This process is called **fine-tuning**.

In [None]:
# We create a model from a pretrained point
from torchvision import models

model = models.resnet18(pretrained=True)

# We can see the blocks in our model like this
print(model)

In [None]:
# We can see the number of parameters of our model like this
print(f"There are {sum([p.numel() for p in model.parameters()]):.2g} parameters in the model used.")

In [None]:
# Bonus: You can also make your own model architecture!
# Uncomment and execute the cell below to see a simple CNN appear
import torch.nn as nn

class Net(nn.Module):
    def __init__(self, in_channels, num_classes):
        super(Net, self).__init__()
        # create layers here
        # self.l1 = ...

    def forward(self, x):
        # here the output should be a vector of size num_classes
        pass

In [None]:
# %load ../src/net.py

### Training loop

The next step of our process is the actual training of our model, the steps are
as follow :

- Load a batch of our dataloader
- Get the output of our model
- Compute the loss with the labels
- Make the propagation

For this we are going to need the following objects :

- A criterion (ie a way to calculate the loss); for multi-label classification,
    almost only the **cross-entropy** loss is used
- An optimizer (ie an algorithm to update the weights of our model). Several
    popular options exists (Adam, Stochastic Gradient Descent...)
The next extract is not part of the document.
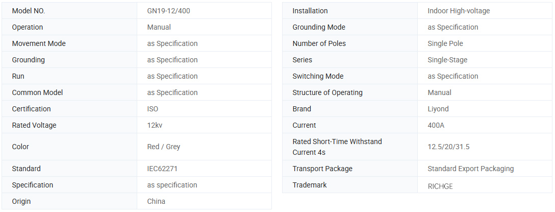 GN19-12(C) inomhus HV-frånskiljare gäller för kraftsystem med märkspänning 12kV, AC 50/60Hz. Den är utrustad med CS6-1 manuell manövreringsmekanism och används för att bryta och skapa krets utan belastning. Det finns ytterligare föroreningstyp, höghöjdstyp och effektindikerande typ. Den är gjord enligt IEC 62271-102.
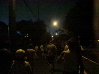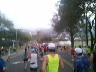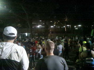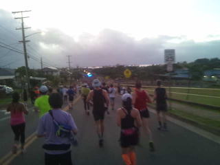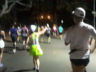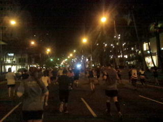 午前3時15分ホテルを出発、歩いてホノルル動物園近くのオフィシャルバス乗り場へ向かって歩きます。

Then we will implement the training loop and make the model train!

In [None]:
# Now we need to make an optimizer + a loss
import torch.nn as nn
from torch.optim import Adam, SGD, AdamW

# cross-entropy loss is the one used for multi classification tasks
criterion = nn.CrossEntropyLoss()

# Adam is a popular optimizer, but other could be used (SGD, Adamw...)
optimizer = Adam(model.parameters(), lr=0.001, weight_decay=1e-4) # you can also use SGD or AdamW, also try different learning rates and weight decay values

Now we have everything necessary in order to launch the training process.  
> ToDo : Find an image to illustrate training loop

In [None]:
# Implement the training loop here
# Uncomment and execute the cell below to see the answer
from tqdm import tqdm # tqdm is a library to display progress bars while looping

n_epochs = 10 # Number of epochs to train the model (ie number of times the model will see the whole dataset)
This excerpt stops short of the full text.